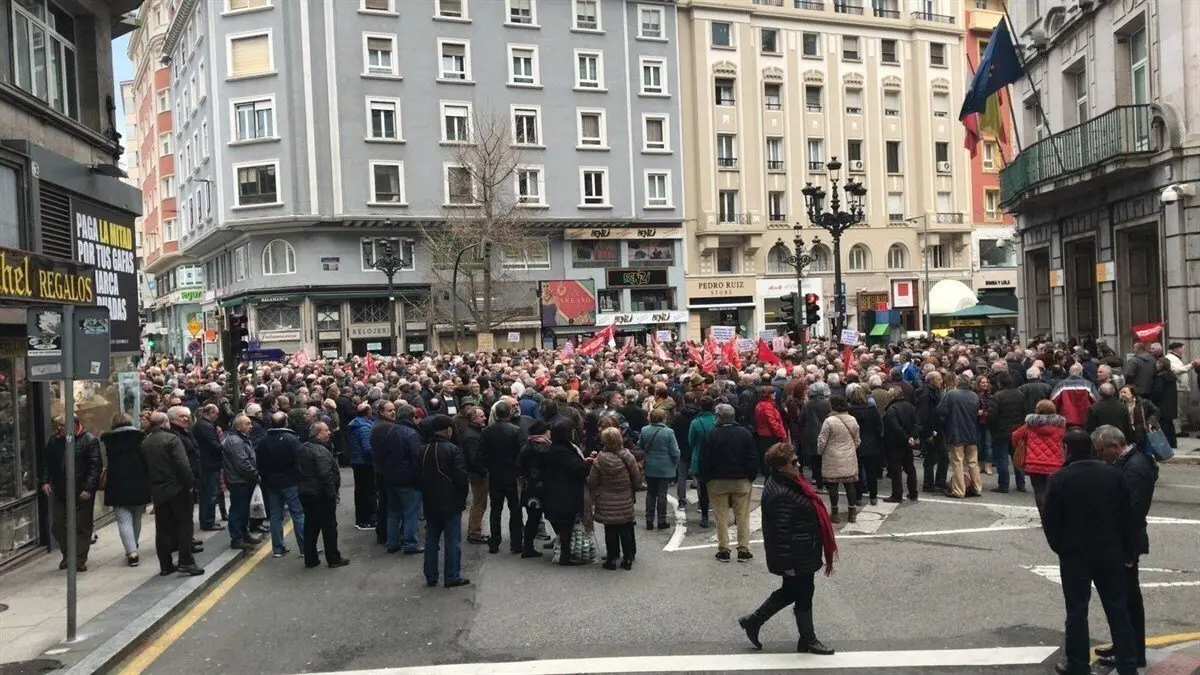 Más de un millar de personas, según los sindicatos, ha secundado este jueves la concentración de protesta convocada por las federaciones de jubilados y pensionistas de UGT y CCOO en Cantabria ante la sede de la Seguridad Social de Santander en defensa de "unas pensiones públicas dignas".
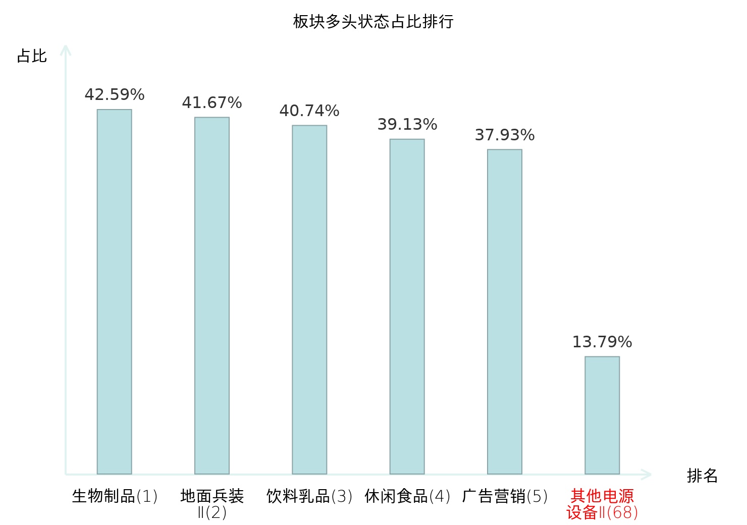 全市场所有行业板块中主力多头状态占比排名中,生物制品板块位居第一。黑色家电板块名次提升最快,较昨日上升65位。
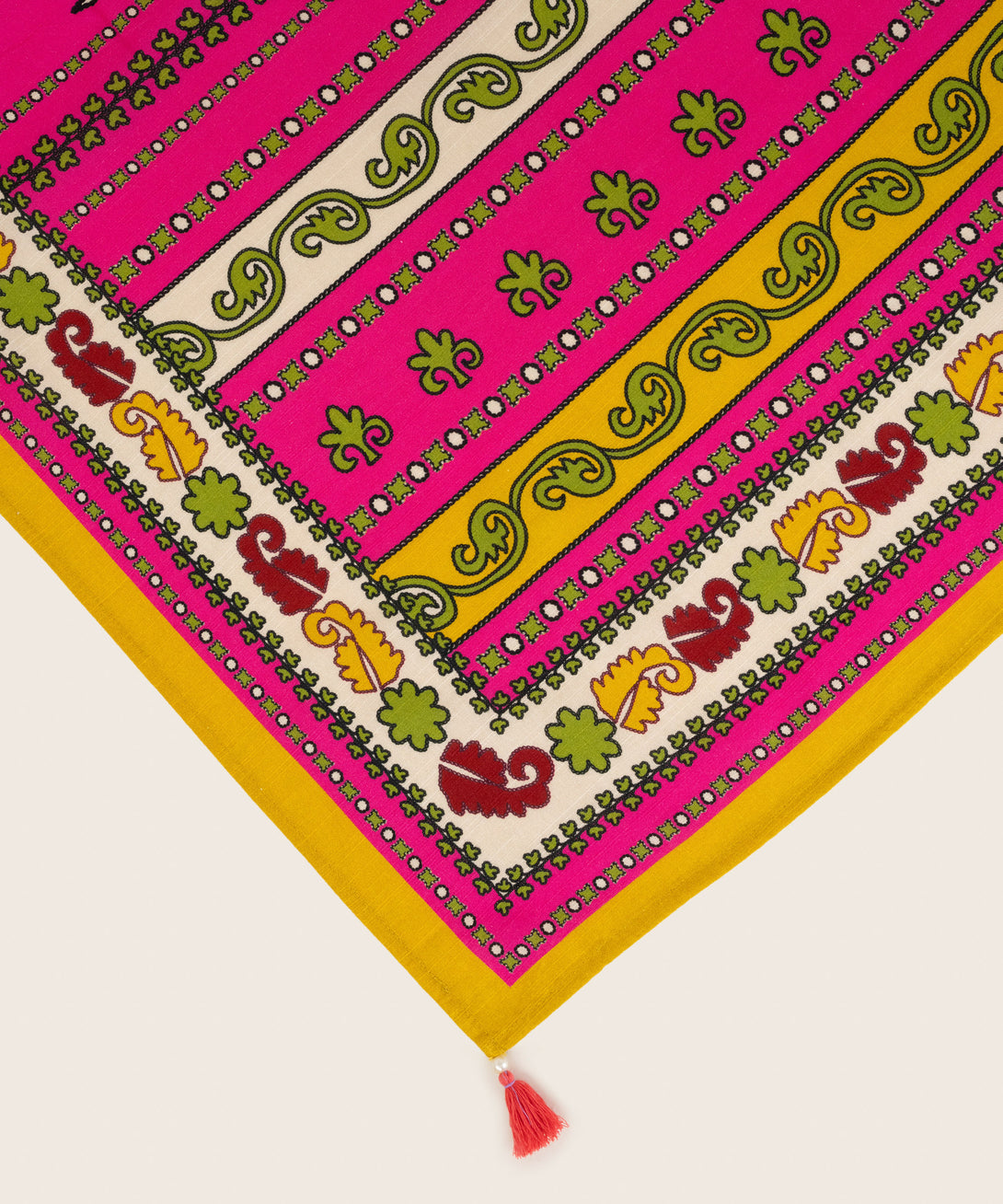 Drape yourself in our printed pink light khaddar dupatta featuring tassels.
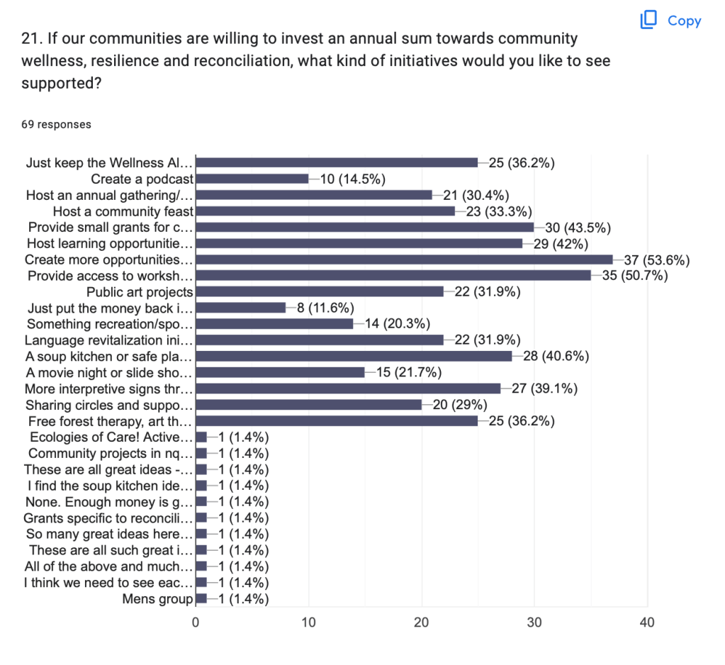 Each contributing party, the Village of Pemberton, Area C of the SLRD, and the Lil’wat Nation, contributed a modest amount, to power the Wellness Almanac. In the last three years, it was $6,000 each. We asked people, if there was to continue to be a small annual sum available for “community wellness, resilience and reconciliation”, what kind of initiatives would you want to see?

...

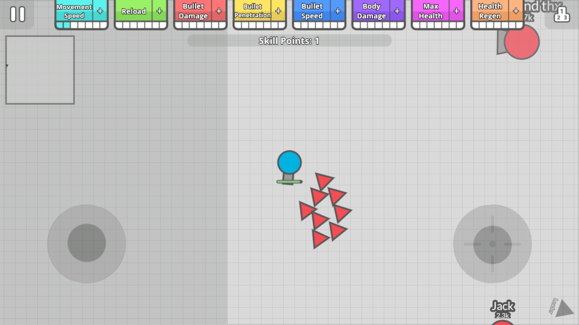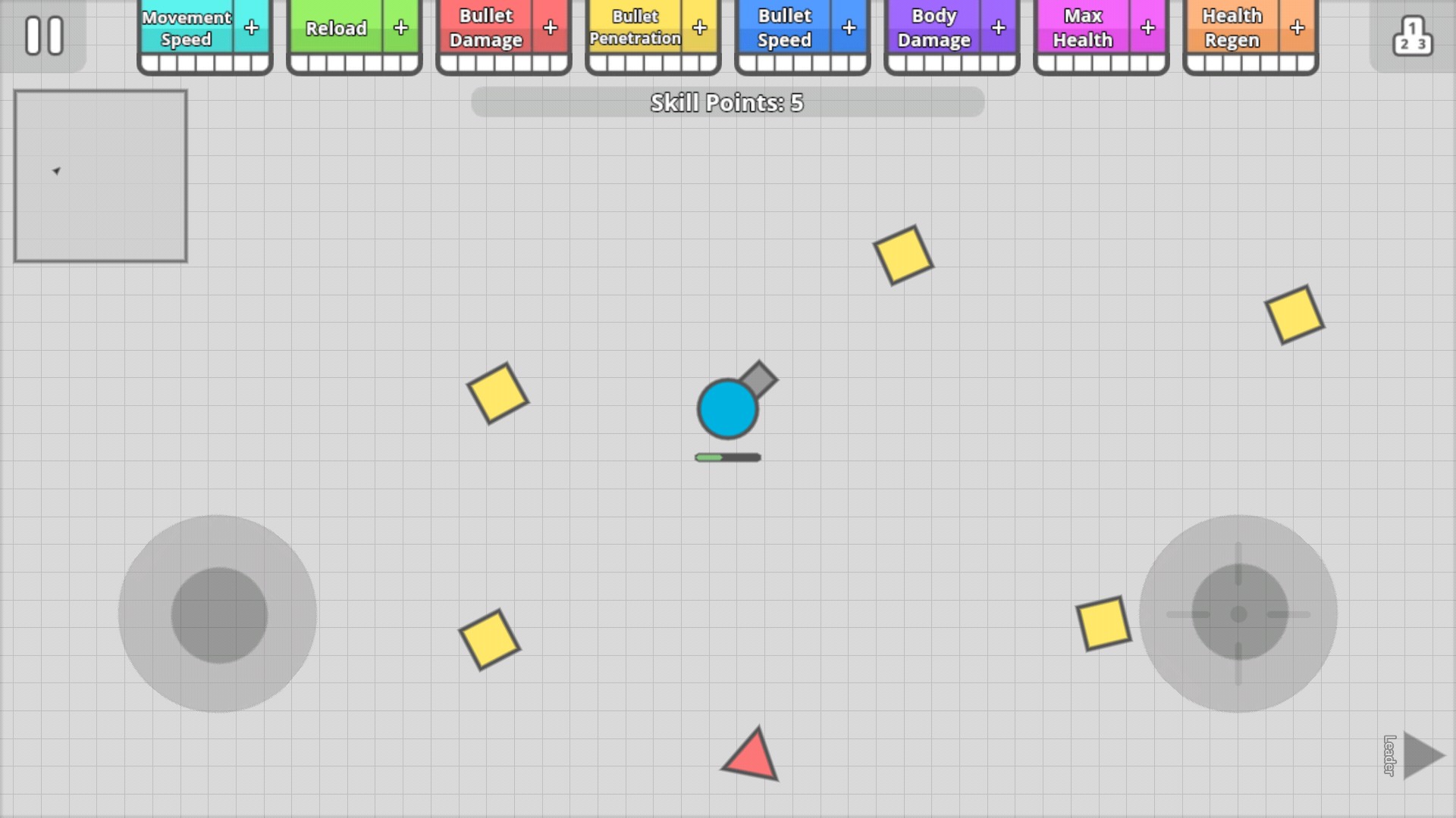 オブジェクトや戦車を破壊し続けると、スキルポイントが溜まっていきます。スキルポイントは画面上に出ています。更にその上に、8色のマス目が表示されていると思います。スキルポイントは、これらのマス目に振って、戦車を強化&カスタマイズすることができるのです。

__WHAT THE TASK ASKS__: Word for word, repeat the lines above from the one with "Más de un millar" through the one with "Each contributing party, the", and nothing beyond them. Omit the pictures.

__TASK RESPONSE__:
 Más de un millar de personas, según los sindicatos, ha secundado este jueves la concentración de protesta convocada por las federaciones de jubilados y pensionistas de UGT y CCOO en Cantabria ante la sede de la Seguridad Social de Santander en defensa de "unas pensiones públicas dignas".
 全市场所有行业板块中主力多头状态占比排名中,生物制品板块位居第一。黑色家电板块名次提升最快,较昨日上升65位。
 Drape yourself in our printed pink light khaddar dupatta featuring tassels.
 Each contributing party, the Village of Pemberton, Area C of the SLRD, and the Lil’wat Nation, contributed a modest amount, to power the Wellness Almanac. In the last three years, it was $6,000 each. We asked people, if there was to continue to be a small annual sum available for “community wellness, resilience and reconciliation”, what kind of initiatives would you want to see?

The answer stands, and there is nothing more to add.